File: RELEASE_NOTES_v2.2.x.rst

package info (click to toggle)
pytables 3.3.0-5
links: PTS, VCS
area: main
in suites: stretch
size: 14,972 kB
ctags: 16,919
sloc: python: 59,339; ansic: 46,596; cpp: 1,463; sh: 476; makefile: 428
file content (412 lines) | stat: -rw-r--r-- 15,105 bytes
parent folder | download | duplicates (4)
=======================================
 Release notes for PyTables 2.2 series
=======================================

:Author: Francesc Alted i Abad
:Contact: faltet@pytables.org


Changes from 2.2.1rc1 to 2.2.1
==============================

- The `Row` accessor implements a new `__contains__` special method that
  allows doing things like::

    for row in table:
        if item in row:
            print "Value found in row", row.nrow
            break

  Closes #309.

- PyTables is more friendly with easy_install and pip now, as all the
  Python dependencies should be installed automatically.  Closes #298.


Changes from 2.2 to 2.2.1rc1
============================

- When using `ObjectAtom` objects in `VLArrays` the ``HIGHEST_PROTOCOL``
  is used for pickling objects.  For NumPy arrays, this simple change
  leads to space savings up to 3x and time improvements up to 30x.
  Closes #301.

- tables.Expr can perform operations on scalars now.  Thanks to Gaëtan
  de Menten for providing a patch for this.  Closes #287.

- Fixed a problem with indexes larger than 32-bit on leaf objects on
  32-bit machines.  Fixes #283.

- Merged in Blosc 1.1.2 for fixing a problem with large datatypes and
  subprocess issues.  Closes #288 and #295.

- Due to the adoption of Blosc 1.1.2, the pthreads-win32 library
  dependency is dropped on Windows platforms.

- Fixed a problem with tables.Expr and operands with vary large
  rowsizes. Closes #300.

- ``leaf[numpy.array[scalar]]`` idiom returns a NumPy array instead of
  an scalar.  This has been done for compatibility with NumPy.  Closes
  #303.

- Optimization for `Table.copy()` so that ``FIELD_*`` attrs are not
  overwritten during the copy.  This can lead to speed-ups up to 100x
  for short tables that have hundreds of columns.  Closes #304.

- For external links, its relative paths are resolved now with respect
  to the directory of the main HDF5 file, rather than with respect to
  the current directory.  Closes #306.

- ``Expr.setInputsRange()`` and ``Expr.setOutputRange()`` do support
  ``numpy.integer`` types now.  Closes #285.

- Column names in tables can start with '__' now.  Closes #291.

- Unicode empty strings are supported now as atributes.  Addresses #307.
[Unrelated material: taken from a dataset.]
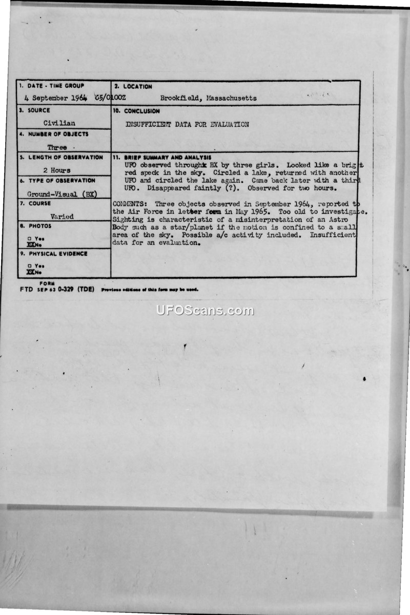 Sighting Report — Brookfield, Massachusetts, 4 September 1964
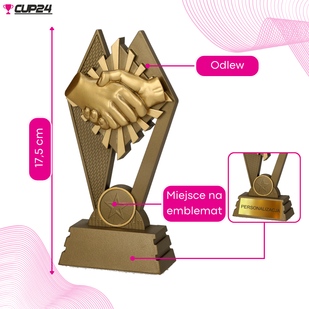 Ta elegancka statuetka, wykonana z materiału imitującego metal, jest nie tylko pięknym przedmiotem dekoracyjnym, ale również symbolem wdzięczności i współpracy. Jej stylowy wygląd i wykończenie sprawiają, że jest to idealny wybór na prezent, który wyraża uznanie i szacunek dla osób, które mają znaczący wpływ na Twoje życie lub karierę.

- Cython 0.13 and higher is supported now.  Fixes #293.

- PyTables should be more 'easy_install'-able now.  Addresses #298.


Changes from 2.2rc2 to 2.2 (final)
==================================

- Updated Blosc to 1.0 (final).

- Filter ID of Blosc changed from wrong 32010 to reserved 32001.  This
  will prevent PyTables 2.2 (final) to read files created with Blosc and
  PyTables 2.2 pre-final.  `ptrepack` can be used to retrieve those
  files, if necessary.  More info in ticket #281.

- Recent benchmarks suggest a new parametrization is better in most
  scenarios:

  * The default chunksize has been doubled for every dataset size.  This
    works better in most of scenarios, specially with the new Blosc
    compressor.

  * The HDF5 CHUNK_CACHE_SIZE parameter has been raised to 2 MB in order
    to better adapt to the chunksize increase.  This provides better hit
    ratio (at the cost of consuming more memory).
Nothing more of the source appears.